El discurso del Rey: la letra, buena; la música, mejor

La Nación está por encima de las formas de Estado, pero para servirla como merece hace falta conciencia de su majestad, de su gloriosa historia.

Acabo de oir en esRadio el discurso del Rey y debo decir que me ha gustado mucho más de lo que esperaba y que en él me han sorprendido dos cosas: que haya sido un discurso y que haya sido de Rey. Ya es la segunda vez – ¡aleluya! - que vemos a un Rey capaz de discurrir o discursear, no de balbucir o balbucear, como hasta hace un año era costumbre. Pero lo novedoso no es que Felipe VI haya asumido en primera persona y como jefe del Estado la defensa del régimen constitucional que la nación española y ninguna otra se dio a sí misma para garantizar, si la Ley se cumple, nuestras libertades. Eso ya sería notable tras los cuatro años miserablemente perdidos por Mariano Rajoy y por el deterioro dramático del régimen democrático en el que tuvo papel destacado e indudable responsabilidad el rey anterior, Juan Carlos I.

Lo sobresaliente, a mi juicio, no es lo político, que es lo que tenía que hacer y ha hecho el primero de los españoles, sino lo simbólico. Es la primera vez en que el Rey habla como Rey, no fingiéndose republicano ni haciéndose perdonar –como en su triste entronización- sino sirviendo a una Corona cuya gloria, que la tiene, es de nuestra nación. Me parece un gran acierto reivindicar el Palacio Real como casa de todos los españoles, porque lo es y porque debería ser considerado siempre así. Pocas cosas más emocionantes he visto en mi vida que las buhardillas de Palacio donde aún se conservan las habitaciones, cocinas, dormitorios, retretes y tabucos de los personajes de Galdós. Porque España no es de hoy. Porque España es realmente magnífica. Y uno de los sitios en que se vive esa magnificencia histórica e íntima es en el palacio Real, desde las cocinas a las buhardillas.

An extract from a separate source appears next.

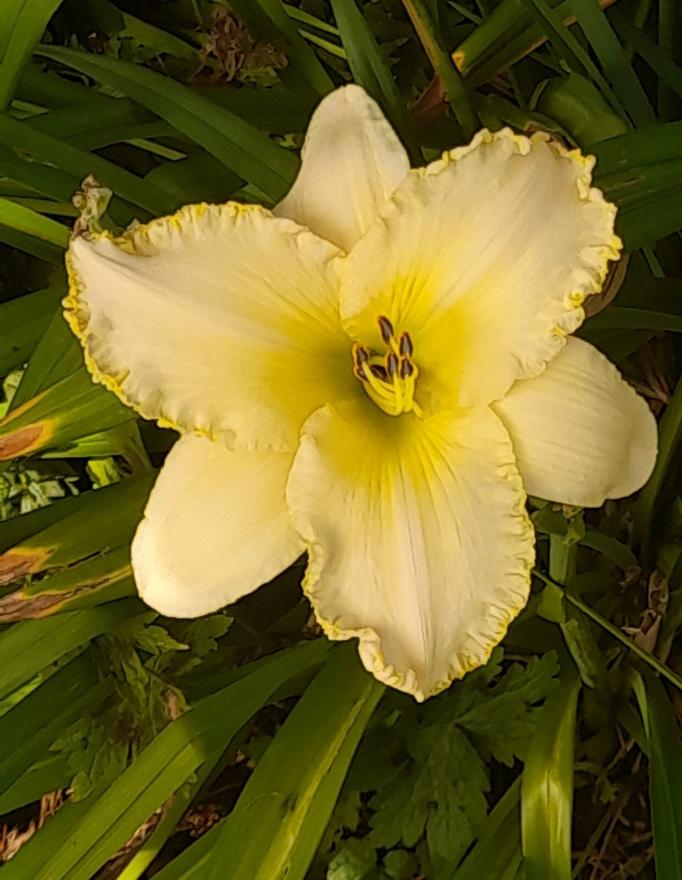..."Hemerocallis Vollmondlicht" bezieht sich auf die Taglilien-Sorte "Moonlit Masquerade", die für ihre cremefarbenen, großblumigen Blüten mit einem dunklen Auge bekannt ist. ...

El Rey tiene que hacer de rey. Constitucional, pero Rey. La Corona tiene una importantísima función constitucional, pero también un sentido histórico y simbólico, casi mágico, que debe estar al servicio de la Nación. Y eso no se hace jugando al pequeño burgués o al alto funcionario que no puede ser, sino asumiendo lo que es, que no es poco: Rey de España. Desde la muerte de Franco, que reinstauró la monarquía, los reyes han venido pidiendo perdón por el hecho de serlo, tal vez para ocultar su imperdonable conducta o tal vez por encajar en un país que se avergüenza de sí mismo. Y tal vez la primera medida para acabar con este complejo estúpido que atenaza a los españoles es que el Rey no se avergüence de serlo, porque hacerlo es tanto como avergonzarse de sus connacionales. Bien está que el Rey defienda la Ley, pero para eso está el Gobierno. Lo importante es que, con su comportamiento, defienda la dignidad de la Corona, que es su tarea, su oficio, su honor y su obligación.

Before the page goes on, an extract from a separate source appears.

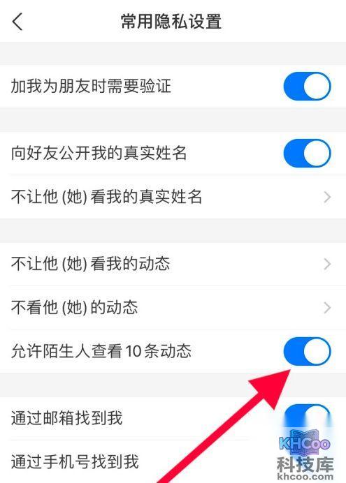 4、跳转到“常用隐私设置”界面之后,将“允许陌生人查看10条动态”右侧的滑块滑到最左侧

Al día siguiente del 23F publiqué en Diario 16 un artículo en el que recordaba, frente a los que se lanzaron al absurdo endiosamiento del Rey, el concepto de don Miguel de Unamuno: "Su Majestad España". La Nación está por encima de las formas de Estado, pero para servirla como merece hace falta conciencia de su majestad, de su gloriosa historia. En esta triste hora de España, el Rey ha sabido demostrarla. Mezquino sería regatearle nuestro reconocimiento.